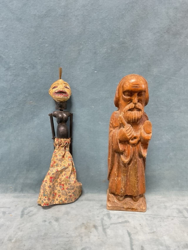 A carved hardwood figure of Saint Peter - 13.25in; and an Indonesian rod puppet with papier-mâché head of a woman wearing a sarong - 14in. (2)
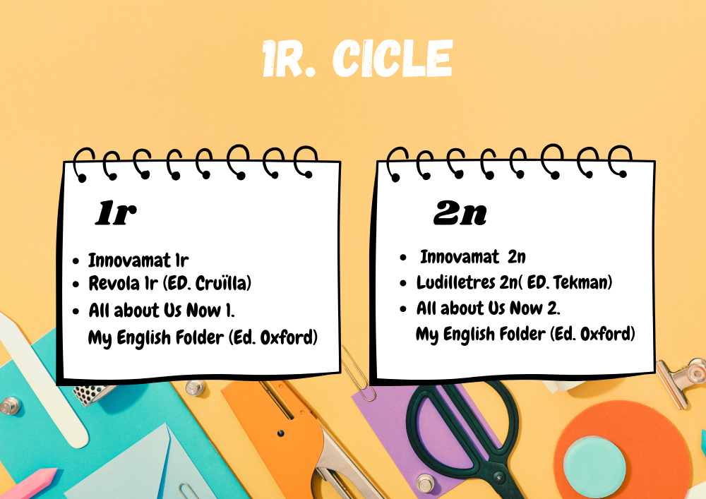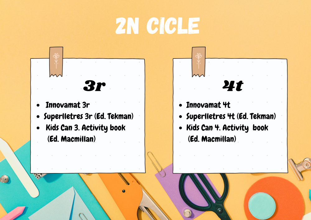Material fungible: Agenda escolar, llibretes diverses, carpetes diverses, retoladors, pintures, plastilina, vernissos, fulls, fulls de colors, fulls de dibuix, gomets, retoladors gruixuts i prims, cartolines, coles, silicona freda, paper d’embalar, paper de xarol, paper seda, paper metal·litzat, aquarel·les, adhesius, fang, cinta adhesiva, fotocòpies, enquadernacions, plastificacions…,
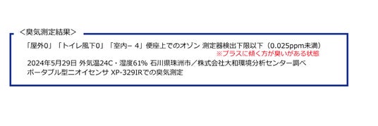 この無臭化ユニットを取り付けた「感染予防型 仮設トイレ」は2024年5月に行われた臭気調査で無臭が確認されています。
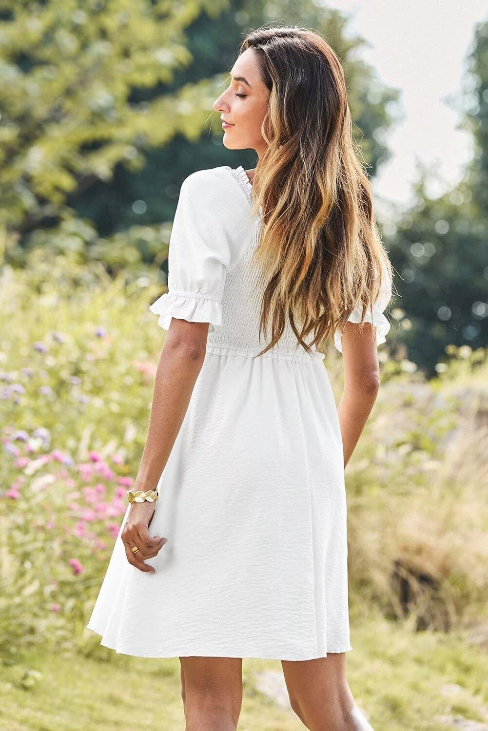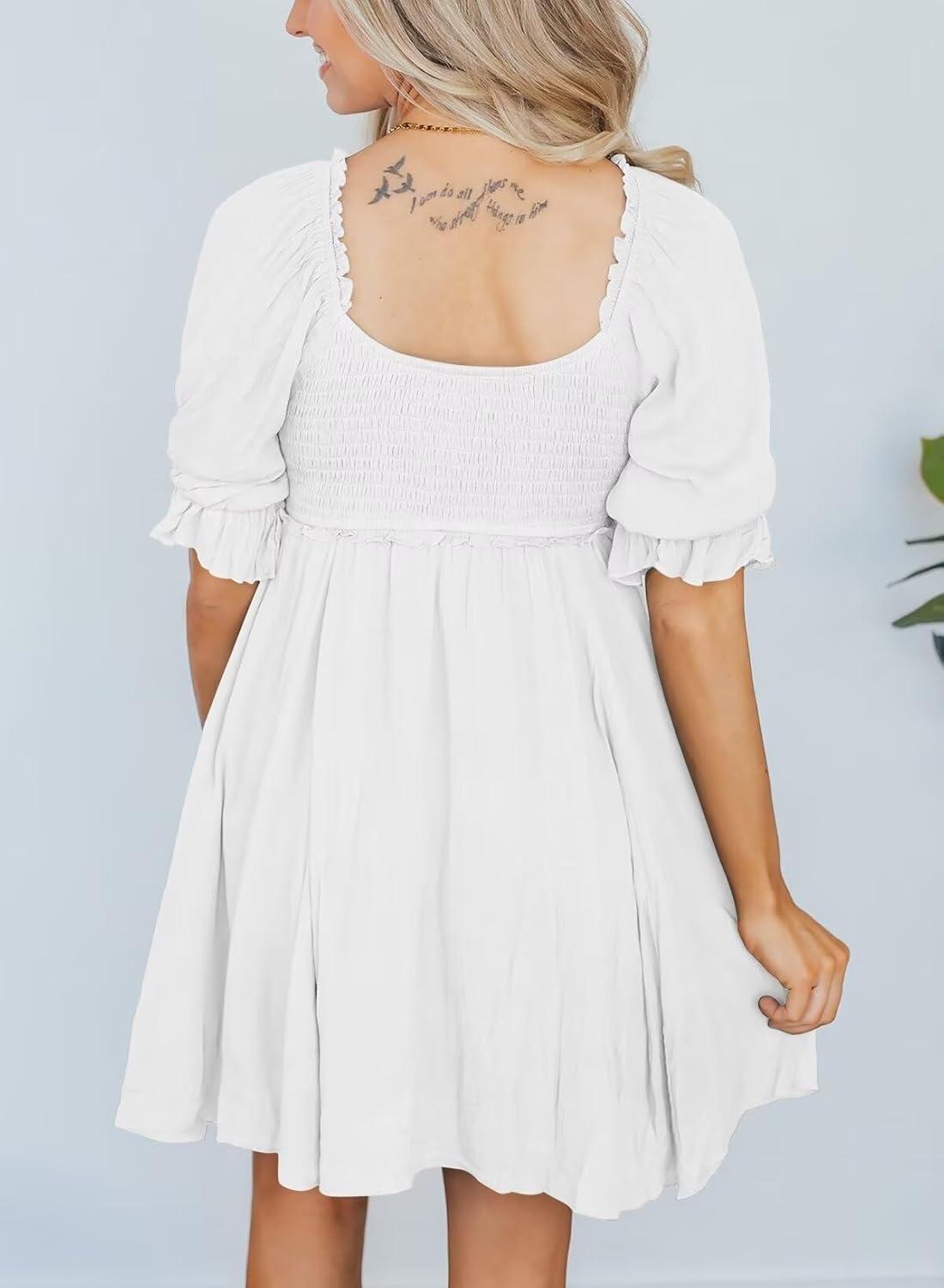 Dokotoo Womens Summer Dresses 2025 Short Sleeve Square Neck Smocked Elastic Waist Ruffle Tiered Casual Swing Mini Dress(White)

...

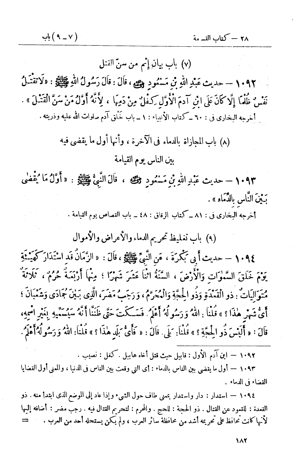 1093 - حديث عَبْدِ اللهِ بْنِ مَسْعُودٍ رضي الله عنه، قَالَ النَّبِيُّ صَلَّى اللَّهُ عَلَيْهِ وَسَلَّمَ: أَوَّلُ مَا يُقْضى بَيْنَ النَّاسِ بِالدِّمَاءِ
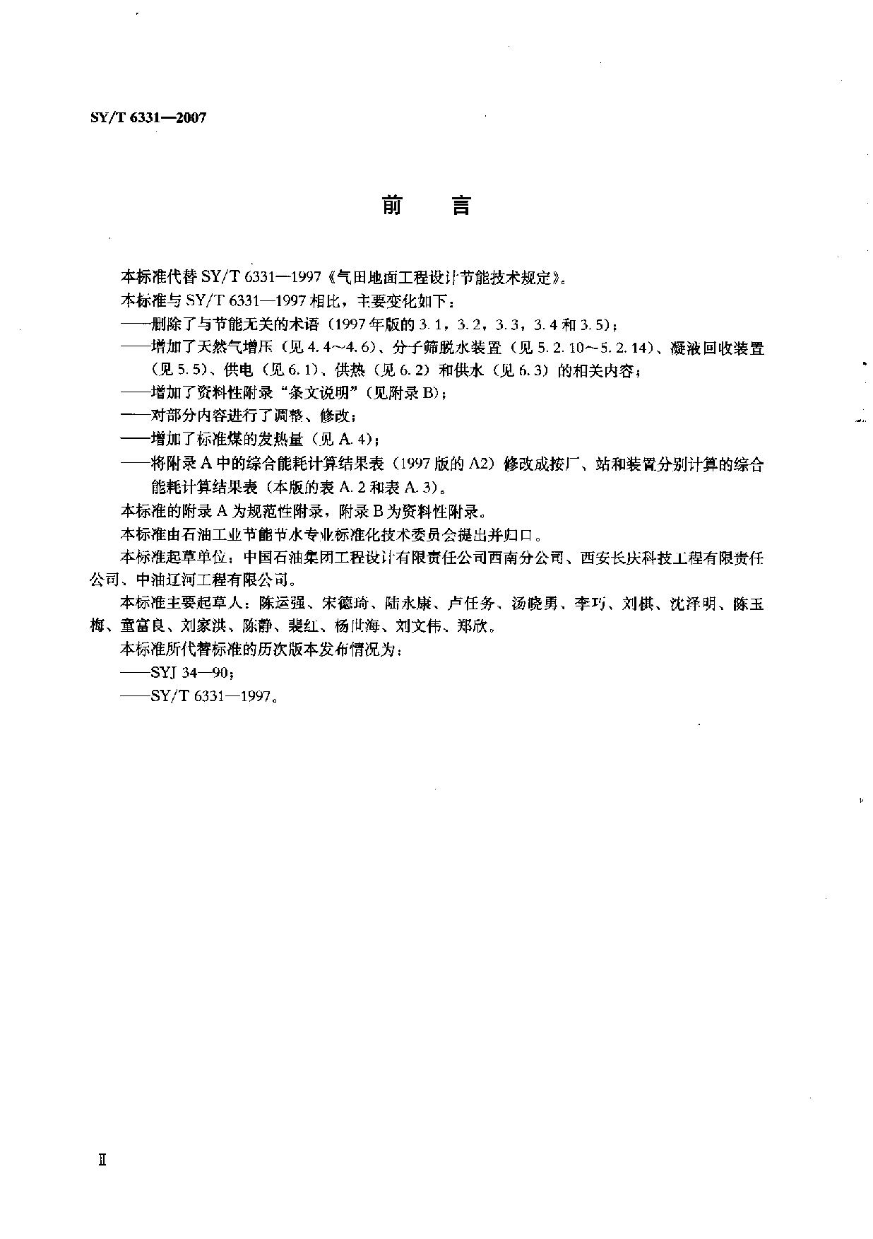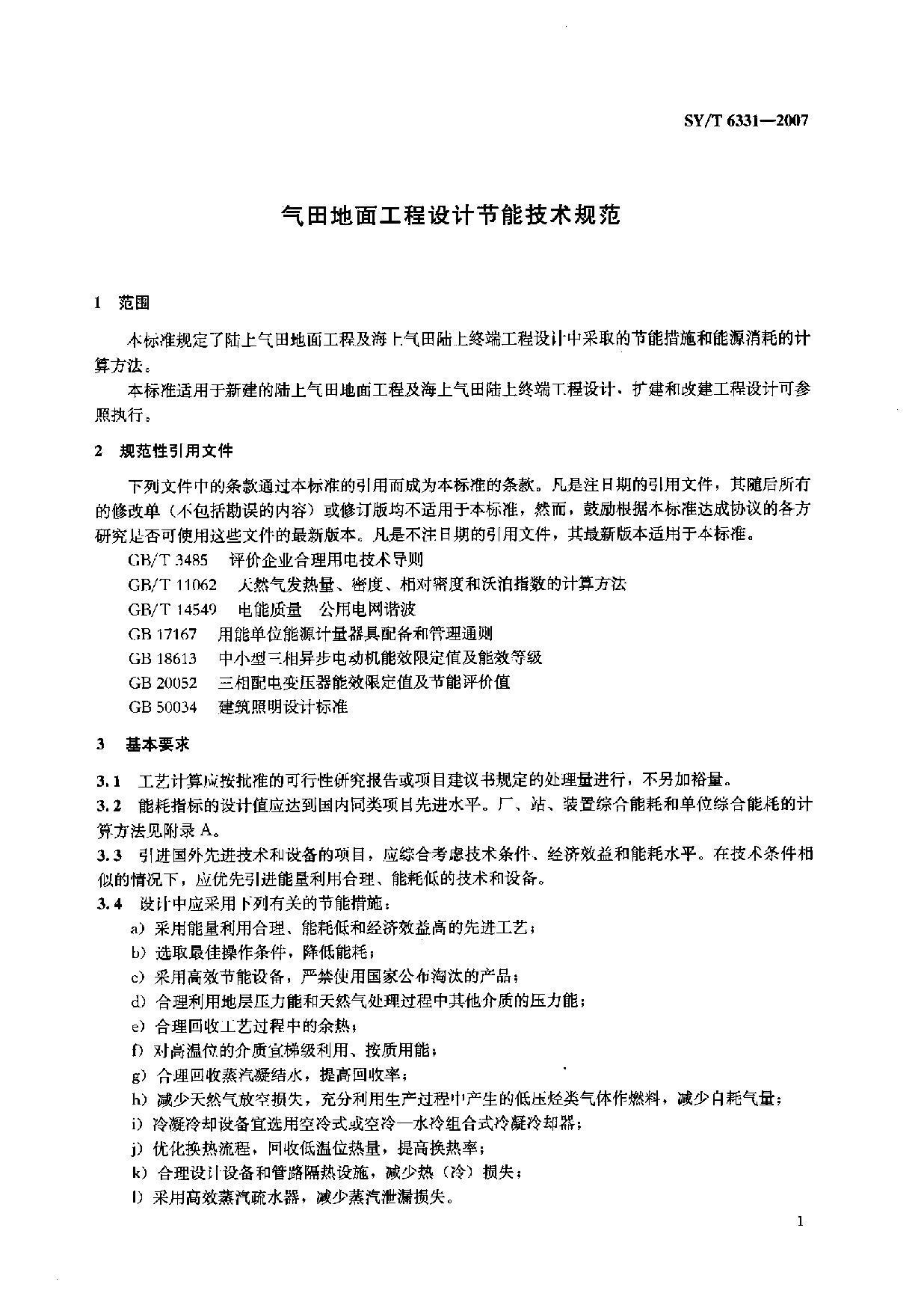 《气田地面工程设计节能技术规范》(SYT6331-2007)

* [TASK DESCRIPTION] Copy the lines above between the one holding "この無臭化ユニットを取り付け" and the one holding "Dokotoo Womens Summer", inclusive. Drop the pictures.

* [FINISHED EXERCISE]
 この無臭化ユニットを取り付けた「感染予防型 仮設トイレ」は2024年5月に行われた臭気調査で無臭が確認されています。
 Dokotoo Womens Summer Dresses 2025 Short Sleeve Square Neck Smocked Elastic Waist Ruffle Tiered Casual Swing Mini Dress(White)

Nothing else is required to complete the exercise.